Severe weather events can have profound impacts on both finances and public health, often leading to damages, injuries and fatalities. As such, it is vital to minimise the effects of these events wherever possible. To that end, this analysis involves exploring the U.S. National Oceanic and Atmospheric Administration’s (NOAA) storm database which documents details of severe weather events across the United States. In particular the analysis will answer the following questions:
The analysis shows that between 1996 and 2011, Flooding, Hurricanes and Storm Surge/Tide events had the greatest economic consequences. Indeed they led to a combined total damages of approximately $275 Billion.
Over the same period, Tornadoes, Excessive Heat and Flooding (or Flash Flooding) lead to a high number of injuries and fatalities. Indeed, over 34,00 injuries and 4,000 deaths are attributable to these events.
To begin, the data is loaded into R.
url <- "https://d396qusza40orc.cloudfront.net/repdata%2Fdata%2FStormData.csv.bz2"
download.file(url, "stormdata.csv.bz2")
stormdata <- read.csv("stormdata.csv.bz2", header = TRUE, na.strings = "")
According to the NOAA, data only started being collected on all event types in January 1996. Given that the focus of this analysis is to compare which types of events were the most severe, we can filter on events which began on or after January 1st 1996.
suppressMessages(library(dplyr))
stormdata$BGN_DATE <- as.Date(stormdata$BGN_DATE, format = "%m/%d/%Y")
stormdata <- filter(stormdata, BGN_DATE >= as.Date("1996-01-01"))
The focus of the analysis is on the financial and public health impacts, as measured by injuries, fatalities, property damage and crop damage. Hence, we can further reduce the size of the data set by filtering on any rows which have at least one non-zero value for fatalities, injures, property damage or crop damage.
stormdata <- filter(stormdata, FATALITIES > 0 | INJURIES > 0 | PROPDMG > 0 | CROPDMG > 0)

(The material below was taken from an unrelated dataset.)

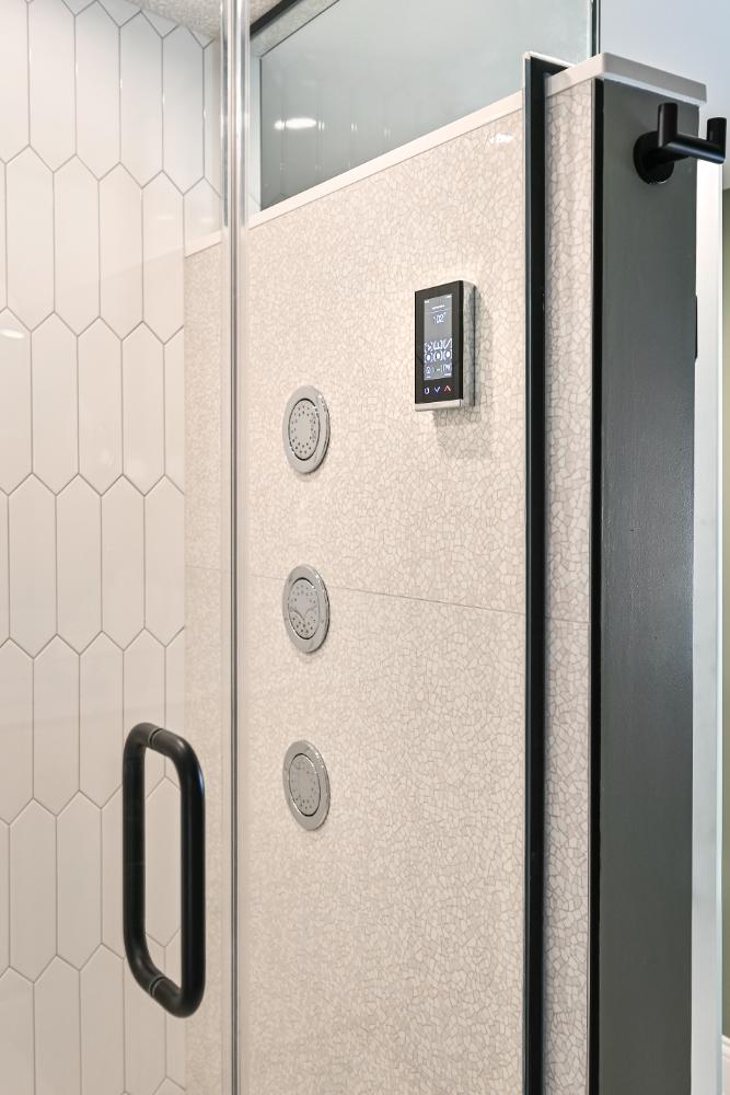 Kohler DTV system with 6 showerheads and steam shower and SoundTile speaker system

Looking at the event type, there are 222 rather than the official 48 listed in the NOAA documentation.
length(unique(stormdata$EVTYPE))
## [1] 222
Several of the wind-related events have the Gail force measurement in the name. For example THUNDERSTORM WIND (G40). However this is not a feature of the official list, hence the names are tidied by removing these measurements. In addition, any leading, trailing or multiple spaces are removed and the events are made uppercase.
library(stringr)
cleanevents <- function(x){
x <- gsub("\\s*[0-9]+", "", x)
x <- gsub("\\s*\\(.*\\)", "", x)
x <- str_squish(x) %>% toupper()
x
}
stormdata$EVTYPE <- cleanevents(stormdata$EVTYPE)
Following this, there are still 173 events, so there remains some work to deal with unmatched events. To match each of the events to an event in the official list of 48 would be time-consuming to do manually. Instead, we will use the function amatch which will try to find matches between the events in the dataset and the official list of events.

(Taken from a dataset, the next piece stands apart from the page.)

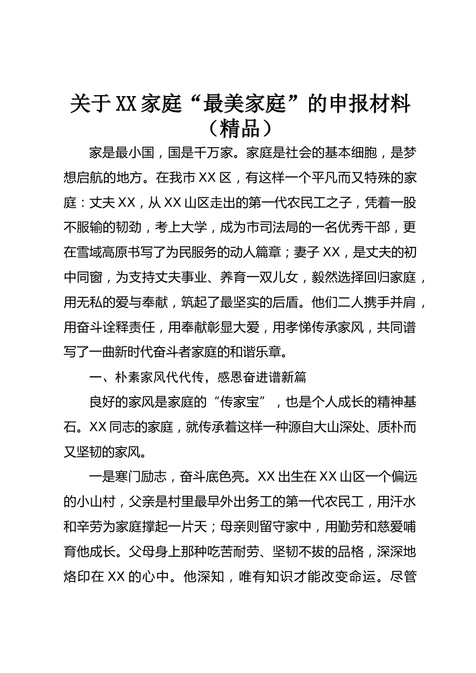 關(guān)于XX家庭“最美家庭”的申報材料(精品)家是最小國,國是千萬家。家庭是社會的基本細胞,是夢想啟航的地方。在我市XX區(qū),有這樣一個平凡而又特殊的家庭:丈夫XX,從XX山區(qū)走出的第一代農(nóng)民工之子,憑著一股不服輸?shù)捻g勁,考上大學,成為市司法局的一名優(yōu)秀干部,更在雪域高原書寫了為民服務(wù)的動人篇章;妻子XX,是丈夫的初中同窗,為支持丈夫事業(yè)、養(yǎng)育一雙兒女,毅然選擇回歸家庭,用無私的愛與奉獻,筑起了最堅實的后盾。他們二人攜手并肩,用奮斗詮釋責任,用奉獻彰顯大愛,用孝悌傳承家風,共同譜寫了一曲新時代奮斗者家庭的和諧樂章。一、樸素家風代代傳,感恩奮...

This function takes a parameter maxDist which sets how similar two strings can be in order to be matched. Deciding on which value this should take is somewhat subjective; too small and not enough of the events will be matched; too large and all the events will be matched but potentially incorrectly. Even trying to compromise between the two would be a subjective process.
The approach we will take is to compute the smallest value maxDist can take in order to match all the events.
library(stringdist)
official <- toupper(c("Astronomical Low Tide",
"Avalanche",
"Blizzard",
"Coastal Flood",
"Cold/Wind Chill",
"Debris Flow",
"Dense Fog",
"Dense Smoke",
"Drought",
"Dust Devil",
"Dust Storm",
"Excessive Heat",
"Extreme Cold/Wind Chill",
"Flash Flood",
"Flood",
"Frost/Freeze",
"Funnel Cloud",
"Freezing Fog",
"Hail",
"Heat",
"Heavy Rain",
"Heavy Snow",
"High Surf",
"High Wind",
"Hurricane (Typhoon)",
"Ice Storm",
"Lake-Effect Snow",
"Lakeshore Flood",
"Lightning",
"Marine Hail",
"Marine High Wind",
"Marine Strong Wind",
"Marine Thunderstorm Wind",
"Rip Current",
"Seiche",
"Sleet",
"Storm Surge/Tide",
"Strong Wind",
"Thunderstorm Wind",
"Tornado",
"Tropical Depression",
"Tropical Storm",
"Tsunami",
"Volcanic Ash",
"Waterspout",
"Wildfire",
"Winter Storm",
"Winter Weather"))
indicator = FALSE
m <- 1
while(indicator == FALSE){
matching <- amatch(unique(stormdata$EVTYPE), official, maxDist = m)
indicator <- (sum(!is.na(matching))/length(matching)) == 1
m <- m + 1
}
m - 1
## [1] 16
The output of this computation reveal we use value of 16 for maxDist.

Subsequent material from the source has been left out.